Между тем Астанай ничего не ест, голодает вместе с ним и Кешка. Однако это вызывает в нем меньше досады, чем то, что он совершенно бессилен и ничем не может помочь больному. И можно ли еще чем-то помочь ему? Астанай, по-видимому, тоже думал и, быть может, уже готовился... Когда сознание его прояснялось, он лежал на спине присмиревший и тихий, глядел на Кешку тоскливо, чужими, опустевшими глазами.
Как только Кулак и Батя ушли, Астанай попросил пить.
— Ох, муторно мне, чижало, — первый раз не лукавя признался он. — Однако, не сдобровать мне, помру, Кешка. Сядь со мной.
— Зачем так говоришь?
— Говорю, стал-быть, знаю. Это судьба. Предчувствие... Слушай, ты этим собакам не доверяйся, плохо ты их знаешь, — прерывистым шепотом продолжал он. — Все они... шибко поганые, мусорные людишки, знать их хорошо надо, а ты не знаешь. — Замолчал, устало пожевал сухие шершавые губы, покосился туда-сюда глазами. — Пещерку не забыл нашу?

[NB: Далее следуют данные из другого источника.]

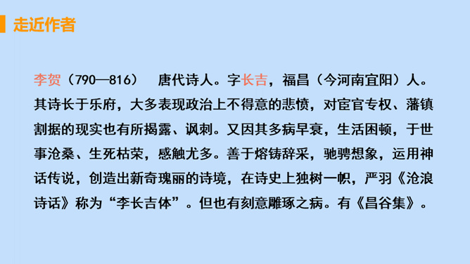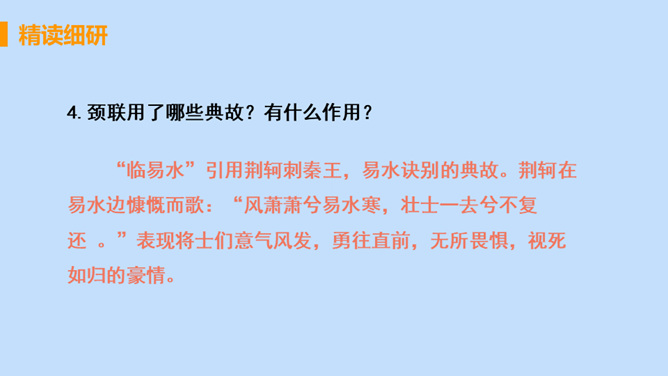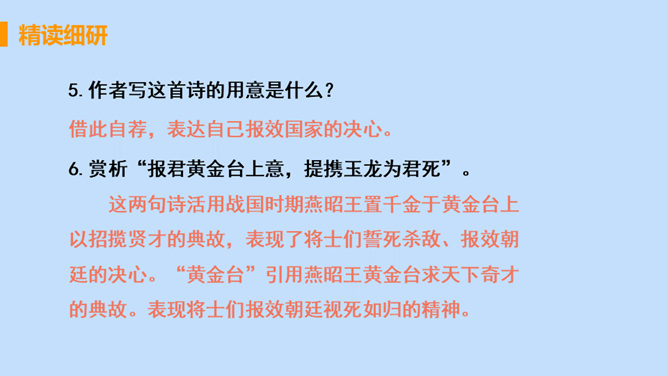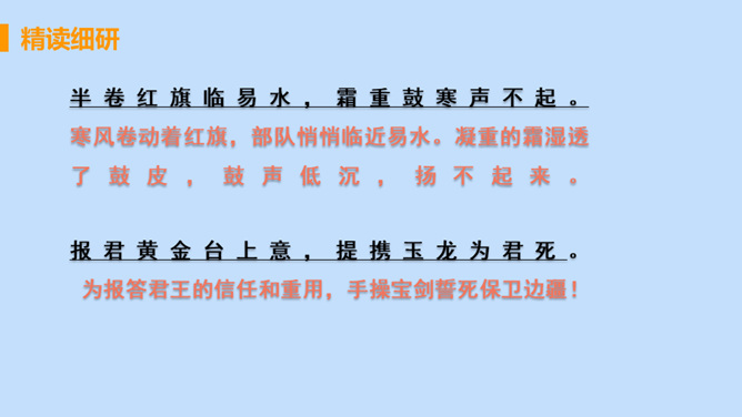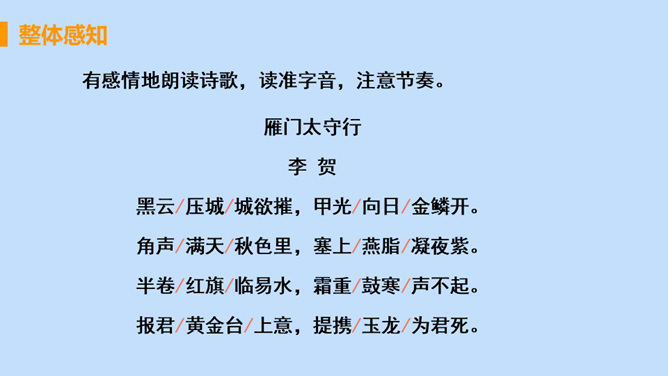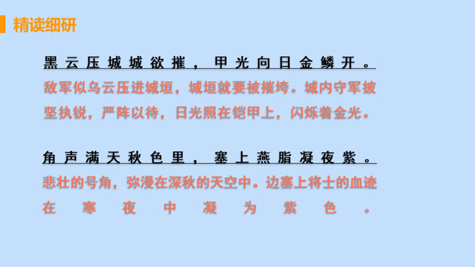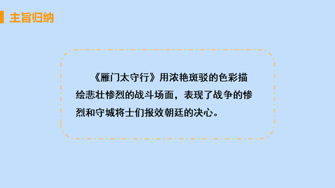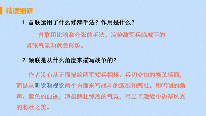 首联运用了什么修辞手法?作用是什么?首联用比喻和夸张的手法,渲染敌军兵临城下的紧张气氛和危急形势。颔联是从什么角度来描写战争的?作者没有从正面描绘两军短兵相接、兵刃交加的厮杀场面,而是从听觉和视觉两个方面来写战斗的激烈和悲壮。用呜咽的角声、紫色的血迹,渲染悲壮惨烈的气氛,写出了激战中边塞风光的悲壮之美。请设想“半卷红旗”是怎样的景象,作者捕捉这个景象入诗想要表现什么?“半卷红旗”是侧面描写战况,一方面风势很大,卷起红旗便于急行军,另一方面高度戒备,不事张扬,把战事的紧张状态凸显出来。所属专题:雁门太守行ppt。
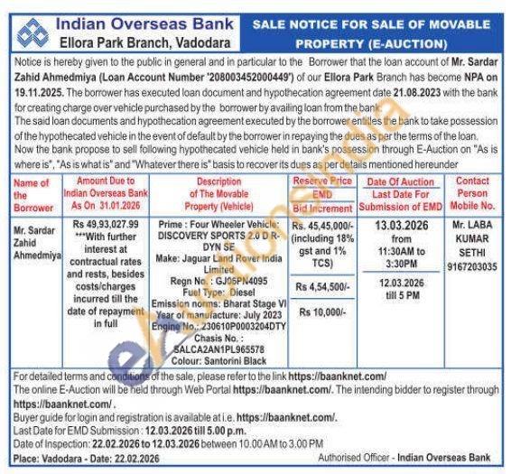 Prime: Four Wheeler Vehicle: DISCOVERY SPORTS 2.0 D R- DYN SE Make: Jaguar Land Rover India Limited Regn No.: GJ06PN4095 Fuel Type: Diesel Emission norms: Bharat Stage VI Year of manufacture: July 2023 Engine No.: 230610P0003204DTY Chasis No.: SALCA2AN1PL965578 Colour: Santorini Black
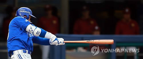 이승엽은 22일 광주-KIA 챔피언스필드에서 열린 KIA 타이거즈와의 2015 타이어뱅크 KBO리그 방문경기에서 0-0으로 맞선 2회초 선제 솔로 홈런을 터트렸다.

Камешек тот, где я сиживал, помнишь? Тама-ка, где огонь...
— Чего не помнить-то? Не век ведь прошел.
— Так, так, забывать не надо, помни... Ежели с умом приноровиться... Эх, толковать-то не об чем... Увидишь тама-ка. Обследуешь, поглядишь все тама-ка. Дай-ка ишо испить... — Его неровное дыхание обдавало Кешкино лицо душным утробным зноем. Язык поворачивался тяжело и сухо, а слова вырывались со свистом. Напившись, он пошарил вокруг тревожно-горячечным взглядом. — Ежели не встану, Кешка, — да, надежа ушла, изменила, однако, не встану, конец подошел, — до лета погоди, а там уж как знаешь... Только никому! Это мое, вся моя жись тут! — вскричал он, напрягаясь, и снова притих. — Побожись, Кешка, никому, ни одной живой душе... Побожись!
— Да что ты, дед! Разве я обманул тебя хоть раз?!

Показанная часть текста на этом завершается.